> _Source material_:
***
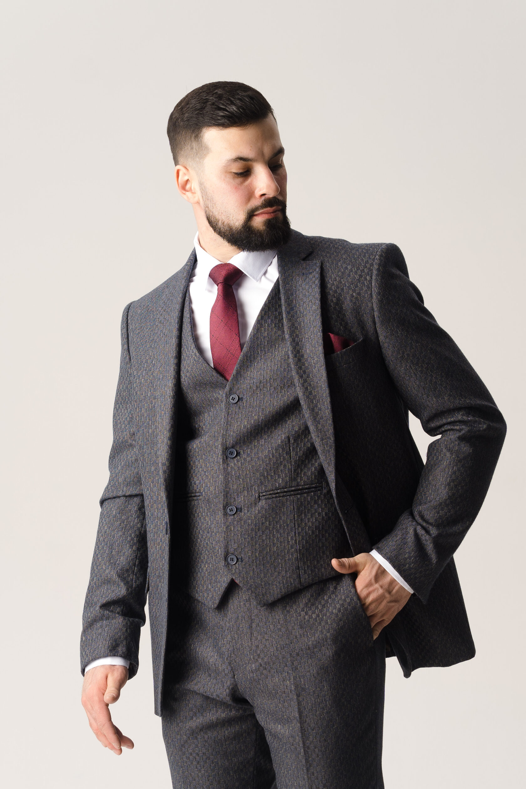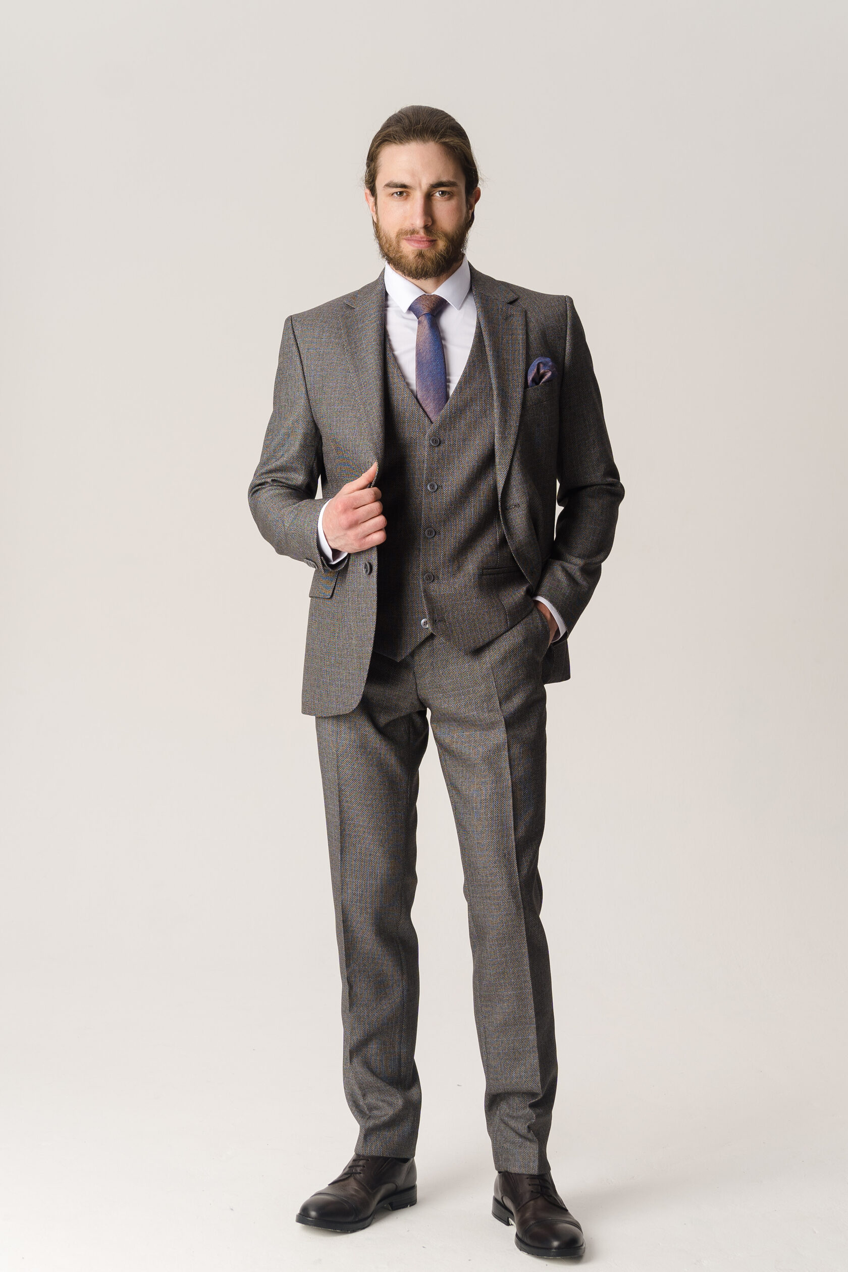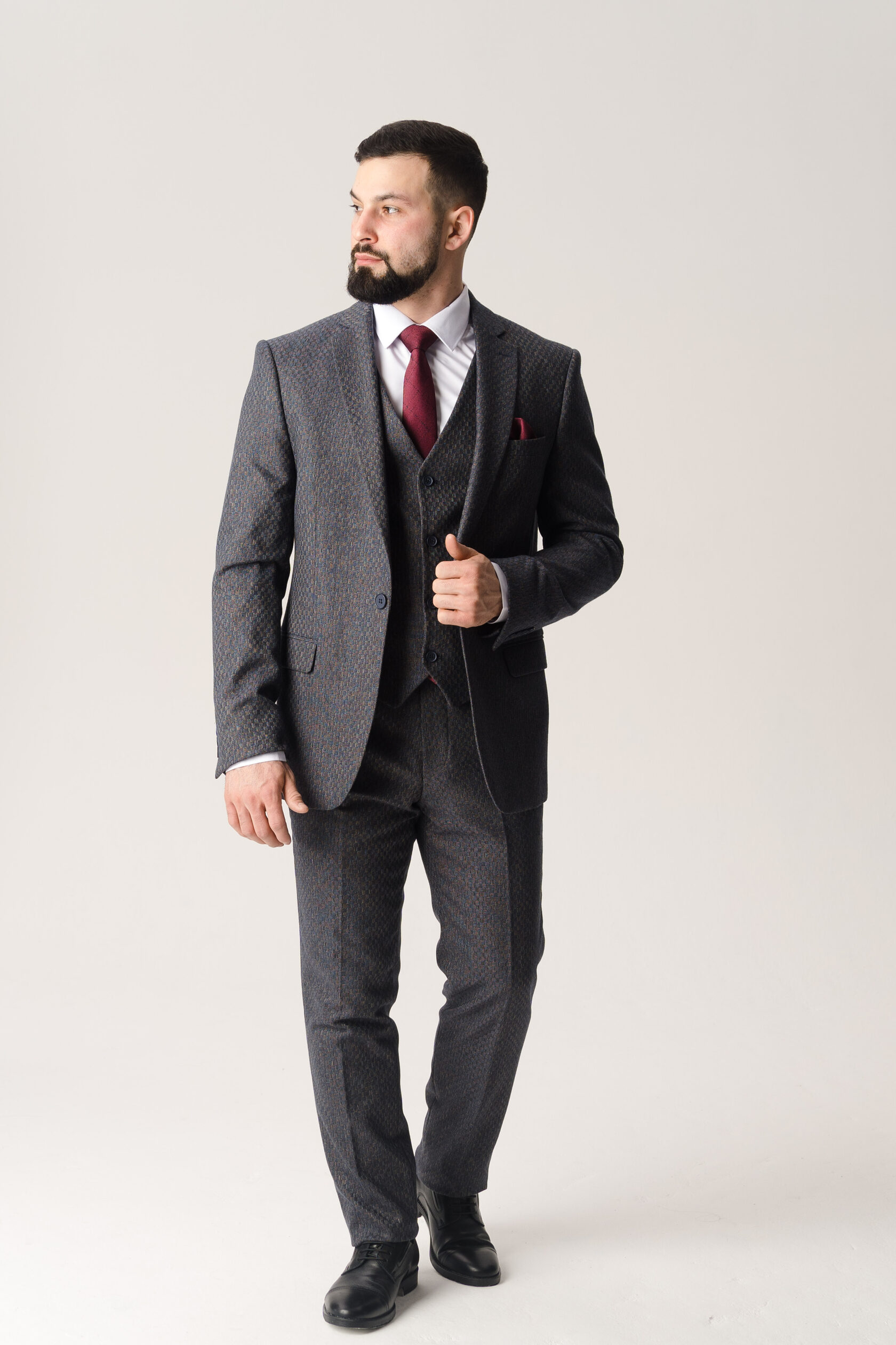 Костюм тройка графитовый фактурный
***
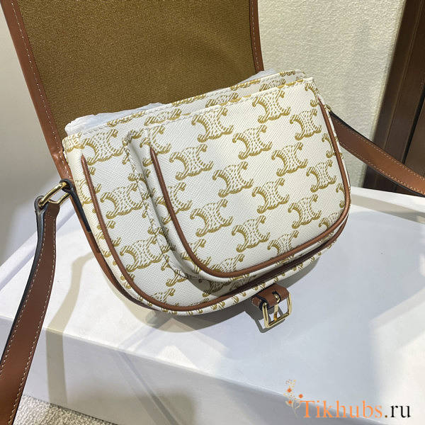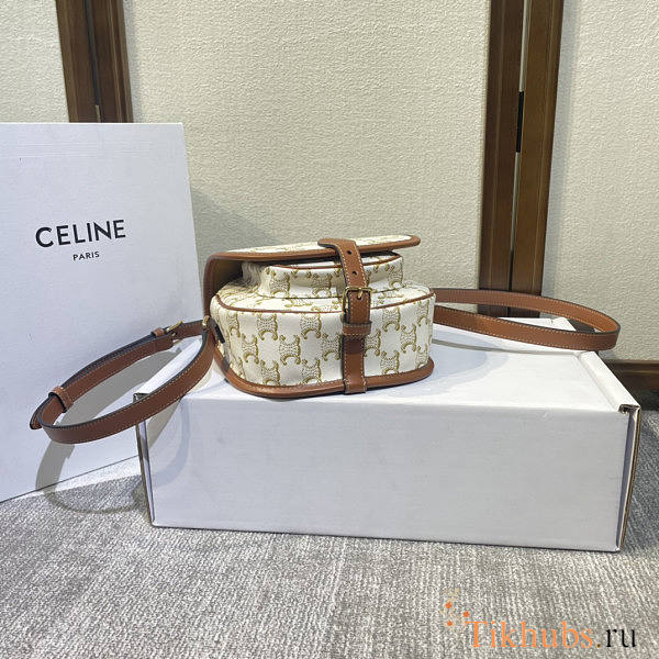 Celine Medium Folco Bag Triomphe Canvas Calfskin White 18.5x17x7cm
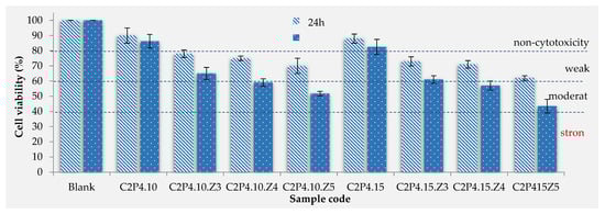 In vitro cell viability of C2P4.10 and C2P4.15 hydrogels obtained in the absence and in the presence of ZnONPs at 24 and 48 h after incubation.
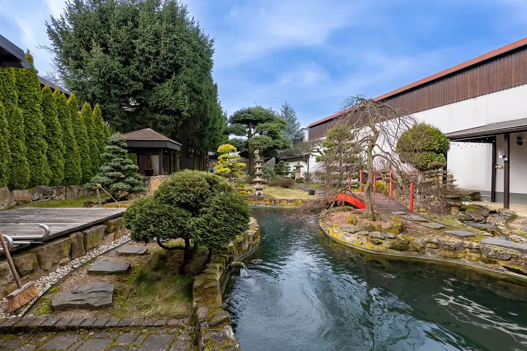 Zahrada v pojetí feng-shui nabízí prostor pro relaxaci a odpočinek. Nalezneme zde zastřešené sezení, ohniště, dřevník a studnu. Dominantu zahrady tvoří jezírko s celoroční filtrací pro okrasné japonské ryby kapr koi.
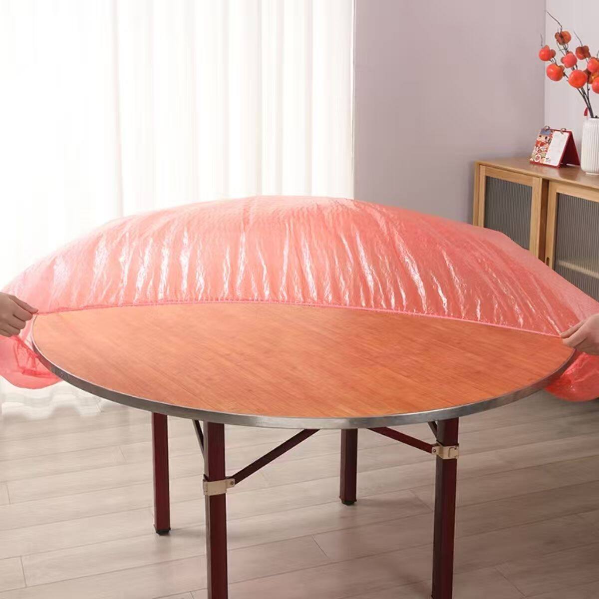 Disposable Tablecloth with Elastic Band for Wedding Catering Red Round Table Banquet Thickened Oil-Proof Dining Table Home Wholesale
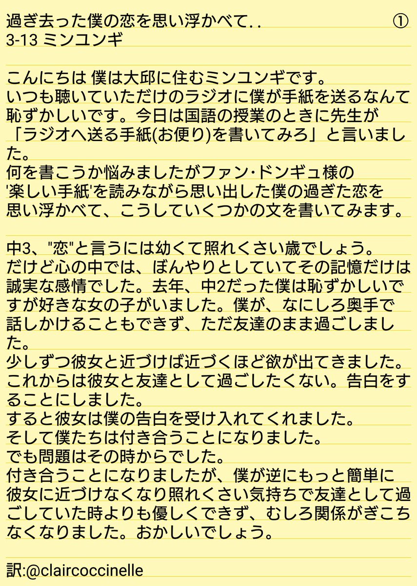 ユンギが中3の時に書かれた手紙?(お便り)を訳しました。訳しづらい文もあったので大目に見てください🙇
***
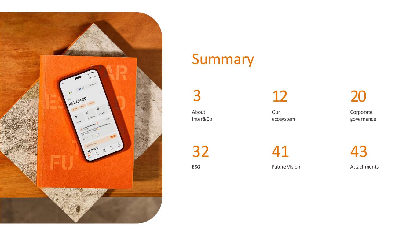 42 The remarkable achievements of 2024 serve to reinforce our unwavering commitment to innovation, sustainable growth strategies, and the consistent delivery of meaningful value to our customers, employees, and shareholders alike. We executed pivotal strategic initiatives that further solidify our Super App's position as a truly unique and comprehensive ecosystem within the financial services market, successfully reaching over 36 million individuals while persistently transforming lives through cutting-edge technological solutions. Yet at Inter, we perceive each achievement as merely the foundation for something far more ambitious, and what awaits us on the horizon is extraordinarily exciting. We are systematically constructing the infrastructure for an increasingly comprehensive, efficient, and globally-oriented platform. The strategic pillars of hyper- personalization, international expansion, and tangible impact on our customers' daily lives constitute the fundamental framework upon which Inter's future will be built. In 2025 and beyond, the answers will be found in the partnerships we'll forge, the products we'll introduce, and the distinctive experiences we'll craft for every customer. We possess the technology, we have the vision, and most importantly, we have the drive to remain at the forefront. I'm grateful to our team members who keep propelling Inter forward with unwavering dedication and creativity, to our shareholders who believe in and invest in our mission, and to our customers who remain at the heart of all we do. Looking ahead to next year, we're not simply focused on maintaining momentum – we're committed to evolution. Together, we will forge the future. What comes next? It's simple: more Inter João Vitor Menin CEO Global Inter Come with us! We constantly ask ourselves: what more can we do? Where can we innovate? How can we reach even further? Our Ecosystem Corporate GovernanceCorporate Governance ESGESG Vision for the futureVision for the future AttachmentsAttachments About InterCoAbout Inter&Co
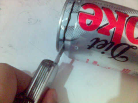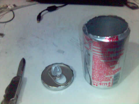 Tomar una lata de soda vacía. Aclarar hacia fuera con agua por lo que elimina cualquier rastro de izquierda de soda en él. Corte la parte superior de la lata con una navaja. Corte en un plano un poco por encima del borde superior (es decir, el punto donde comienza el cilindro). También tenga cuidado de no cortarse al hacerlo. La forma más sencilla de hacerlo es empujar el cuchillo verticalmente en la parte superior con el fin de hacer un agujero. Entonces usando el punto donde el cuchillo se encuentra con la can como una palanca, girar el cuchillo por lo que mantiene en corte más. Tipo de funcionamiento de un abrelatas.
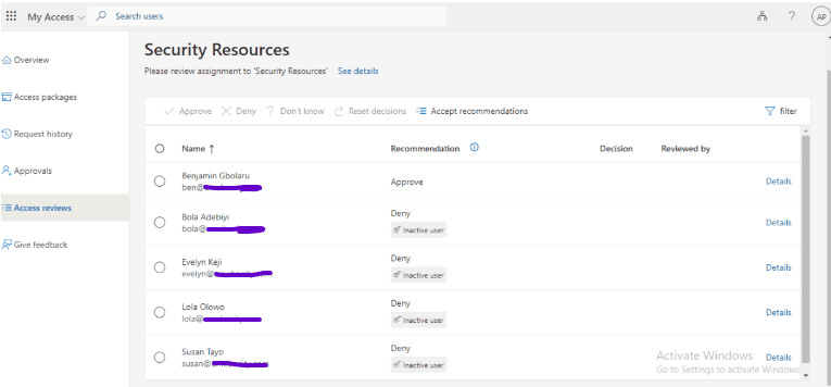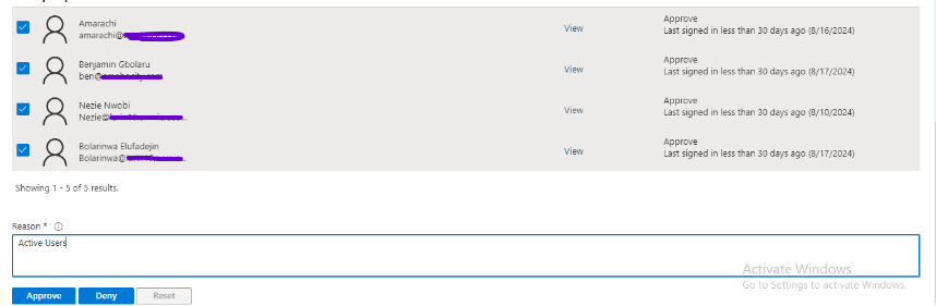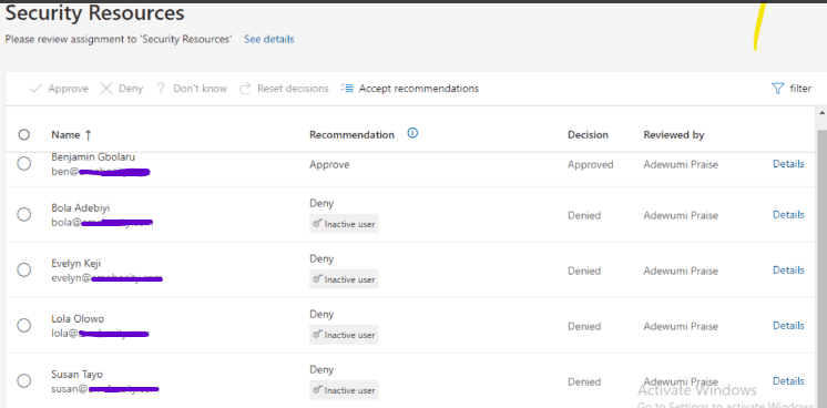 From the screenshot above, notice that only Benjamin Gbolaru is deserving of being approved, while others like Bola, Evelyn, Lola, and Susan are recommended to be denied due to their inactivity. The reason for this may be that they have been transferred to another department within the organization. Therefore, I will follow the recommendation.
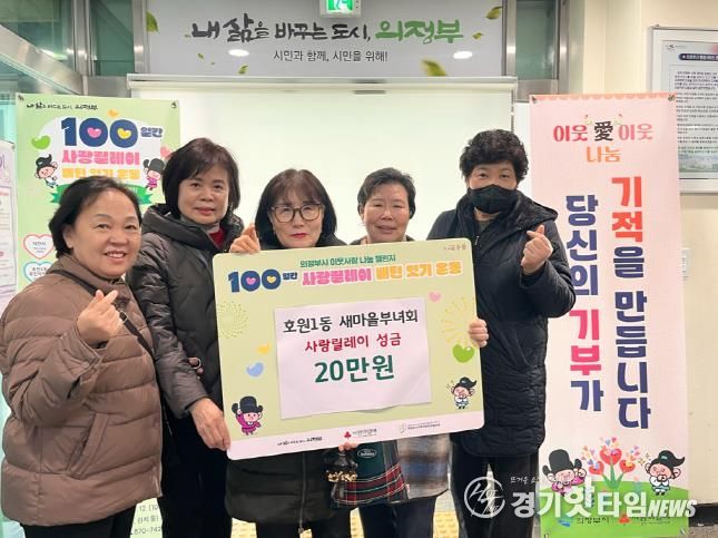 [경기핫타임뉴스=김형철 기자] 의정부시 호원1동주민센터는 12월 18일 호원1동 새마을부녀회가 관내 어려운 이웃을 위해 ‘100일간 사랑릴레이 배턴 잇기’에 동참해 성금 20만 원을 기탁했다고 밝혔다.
***
Only one part of the listing is wanted: the lines from the one containing "Celine Medium Folco" through the one containing "In vitro cell", both included. Please transcribe it exactly, leaving out the pictures.

 Celine Medium Folco Bag Triomphe Canvas Calfskin White 18.5x17x7cm
 In vitro cell viability of C2P4.10 and C2P4.15 hydrogels obtained in the absence and in the presence of ZnONPs at 24 and 48 h after incubation.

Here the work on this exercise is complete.